E’ prese la lettera senza guardarla, meccanicamente. Il suo spirito vagava altrove.

L’impressione del freddo, che gli occasionava lo sportello aperto del coupè, lo richiamò alla realtà. Egli avvicinò allora la lettera ai suoi occhi e fece un movimento di sorpresa.

— Chiudi dunque codesto sportello, — gridò egli ad Ivan, tirandolo nel tempo stesso a sè con violenza.

Poi, e’ si volse al dottore e soggiunse:

— Cosa è codesto? Egli scrive adesso? E’ non è dunque qui.

— È il conte Alessandro che scrive? — dimandò il dottore.

— Egli stesso — rispose il principe, spiegando la lettera e guardandola anco prima di leggerla.

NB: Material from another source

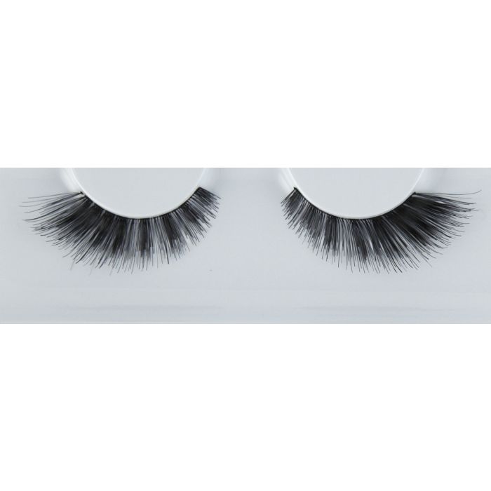 Extra informatie Grimas nepwimpers aanbrengen: Neem de nepwimper voorzichtig uit het doosje. Met de plakrand waarmee het in het doosje vastzit, plakt u de nepwimper met een pincet of de vingers op de bovenste wimperrand. Werk van binnen naar buiten, waarbij u iets vanaf de binnenste ooghoek begint. Nu weet je of de wimper goed zit en kun je de nepwimper weer afnemen. Wat te lang is, knipt je af aan de buitenkant. Doe wat Grimas wimperlijm op de hand en breng met behulp van de punt van een spatel of met de achterkant van een penseel wat wimperlijm aan langs de rand van de nepwimper. Breng de nepwimper van buiten naar binnen op met behulp van een pincet. Voorzichtig aandrukken met een wattenstaafje. Werk vlot, want de lijm droogt snel. Na enige minuten zal de witte wimperlijm vanzelf transparant worden. Let op! De Grimas nepwimpers worden geleverd exclusief wimperlijm!
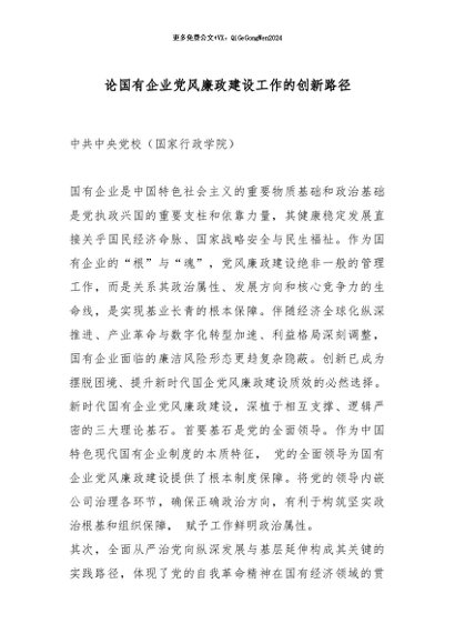 / 【七哥公文】2025年:论国有企业党风廉政建设工作的创新路径_副本+更多免费公文+VX:QiGeGongWen2024

Infine egli lesse a mezza voce, come avrebbe fatto se fosse stato solo:

"Fratello....

— Fratello! — gridò il principe — fratello ancora...!

«Io era sul punto di partire e di rendermi al tuo appello. Ò avuto paura... Ò avuto paura che quando tu mi avessi ucciso, e che tu avessi poscia saputo la verità, ne saresti stato sventurato per tutta la vita.»